The latest release of Apache Hadoop code includes a new workload management tool that backers of the project say will make it easier for developers to build applications for the big data platform.
Hadoop has proven itself as a powerful way for some of the leading technology companies in the world like Yahoo and Google to manage large amounts of data. Hadoop systems have thus far relied on MapReduce to process data, but included in the latest iteration of the open source code is Yarn, which is a platform to run other applications within Hadoop alongside MapReduce. Yarn monitors the resources applications need and then provisions the capacity within the distributed computing system.
Hadoop enthusiasts say this is an important feature to let more applications run within the big data open system and could lead to a wave of new analytics apps for Hadoop. "Yarn is on the critical path to Hadoop having better resource management and supporting mixed workloads and usages," says Gartner information management analyst Merv Adrian, who tracks Hadoop. "It fixes some major gaps and will enable some exciting developments in the years ahead."
[ MORE OPEN SOURCE: Stack Wars: OpenStack vs. CloudStack vs. Eucalyptus ]
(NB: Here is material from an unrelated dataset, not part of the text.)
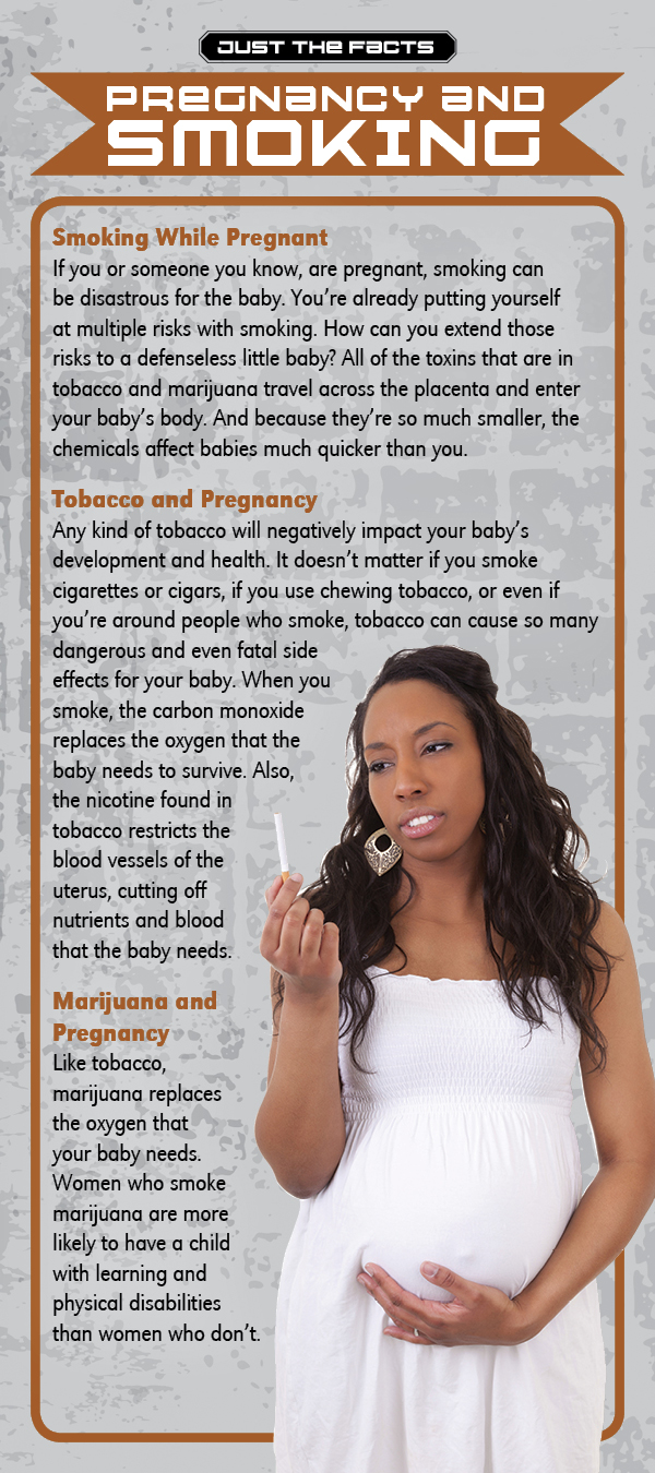 This rack card is a quick reference for anyone wanting to know the facts about smoking cigarettes or marijuana while pregnant.
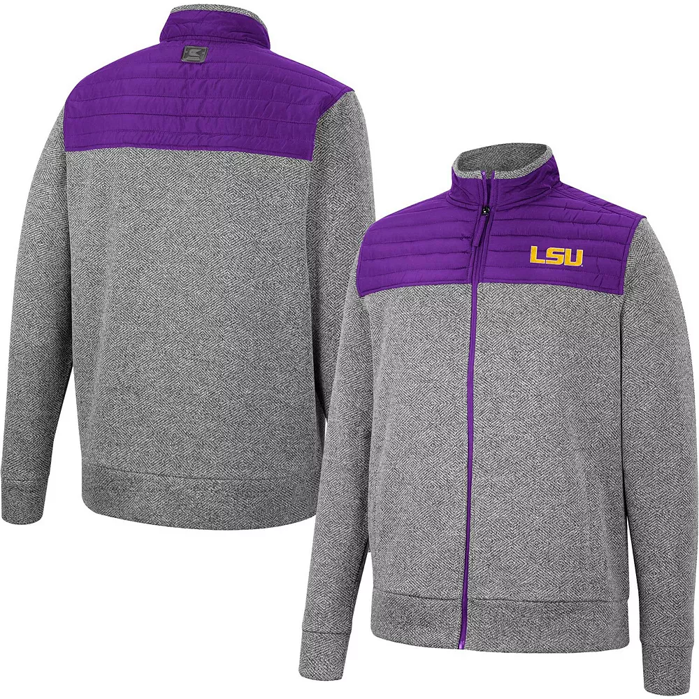Ready yourself for the cooler temperatures this season by layering up with this LSU Tigers Putter Herringbone full-zip jacket from Colosseum. The embroidered LSU Tigers logo overtop a splash of team color put your fandom on full display. This jacket is the perfect blend of comfort, style and team spirit that any fan should have in their wardrobe.

The 2.0 version adds a number of components, including architecting for high availability, and adding scale to individual clusters, allowing them to grow to 4,000 machines (a Hadoop deployment can consist of multiple clusters). The biggest change though is the addition of Yarn, which has been in planning for four years and under development for two and been described by some as a next-generation MapReduce architecture.
Yarn splits up two major functions currently combined into one by MapReduce; it separates job scheduling/monitoring and resource management. It works by monitoring what resources applications need, then creates containers of CPU and RAM nodes to serve to those apps. "Yarn is fundamentally simple, but extremely scalable," says Arun Murthy, co-founder of Hadoop distribution company Hortonworks, who has been in charge of developing Yarn within the Apache open source community. Blogger Brian Proffitt at ReadWrite notes that Yarn removes "one-at-a-time" limitations of apps running on Hadoop, and allows the Hadoop systems to now run multiple applications at once.
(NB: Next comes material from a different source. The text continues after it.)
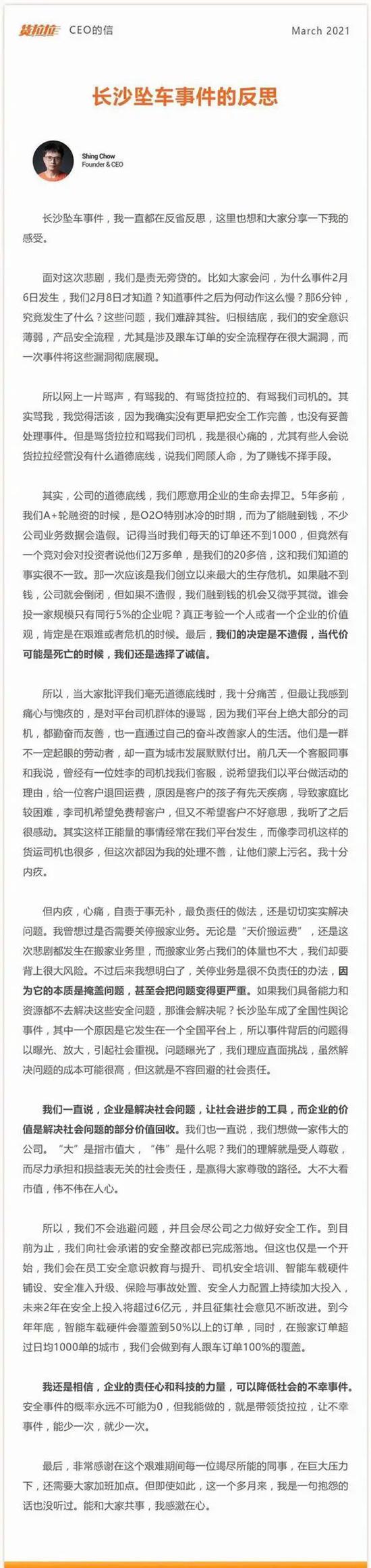 货拉拉CEO发了内部反思信,不得不说,这个时机掌握的恰到好处,在舆论热潮散去的时点反思,大家更理性一些,也更能接受其反思。而且,用内部信的方式,曲线与外部沟通,既避免了直接对话的冲突,又将该传递的信息传递出去。
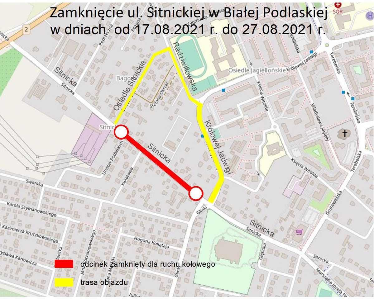 W związku z prowadzonymi pracami na ulicy Sitnickiej w Białej Podlaskiej,w dniach 17-27 sierpnia będzie ona zamknięta na odcinku od skrzyżowania z ul. Osiedle Sitnickie do skrzyżowania z ul. Glinki. Zamknięcie spowodowane jest układaniem nowej nawierzchni bitumicznej.

The advantages are multifold. For one, Hadoop is adding functionally to run multiple applications at once. Second, developers can now write apps to Yarn specifications and be assured that they'll work in a Hadoop system. MapReduce can also now focus on its core functionality instead of managing resources for bolt-on apps.
Hadoop backers expect that the advent of Yarn could open the floodgates for new applications being built to run on Hadoop. Already some projects, like Apache Tez, have been created to do more advanced data processing compared to what MapReduce specializes in. Tez uses real-time analytics and in-memory processing for higher-speed queries, for example. There are many more applications expected for streaming analytics. Twitter Storm is one, while other ETL (extract, transform and load) apps could be integrated as well.
Technically engineers could architect the system to allow for additional functionality for analysis on top of MapReduce, but now Yarn acts as a platform for hosting apps for that specific purpose. Some believe Yarn could be the base-level framework for a platform as a service (PaaS) running on Hadoop that could compete with the likes of VMware's open source Cloud Foundry PaaS.
Apache Hadoop 2.0 is expected to be declared stable enough for a beta release at some point this week, with a general availability release expected in the coming weeks after that, Murthy says. Some of Hadoop's earliest adopters, like Yahoo, have already tested Yarn and companies that create commercial distributions of the code are expected to integrate Yarn into their offerings as well. Hortonworks, for example, hopes to have Yarn functionality in its Hadoop distribution by mid to late summer.
So does 2.0, and specifically Yarn, represent Hadoop growing up? "Absolutely," says Adrian, the Gartner analyst. "But mainstream organizations need to rely on the commercial distributor for anything they expect to put into serious production use." Companies like Hortonworks, Cloudera, MapR and even IBM all have commercial distributions of the code. While the project may be growing up, Adrian notes it's still in its "early adolescence," he notes. The addition of Yarn could go a long way to supporting a budding industry of creating applications that run on Hadoop, though.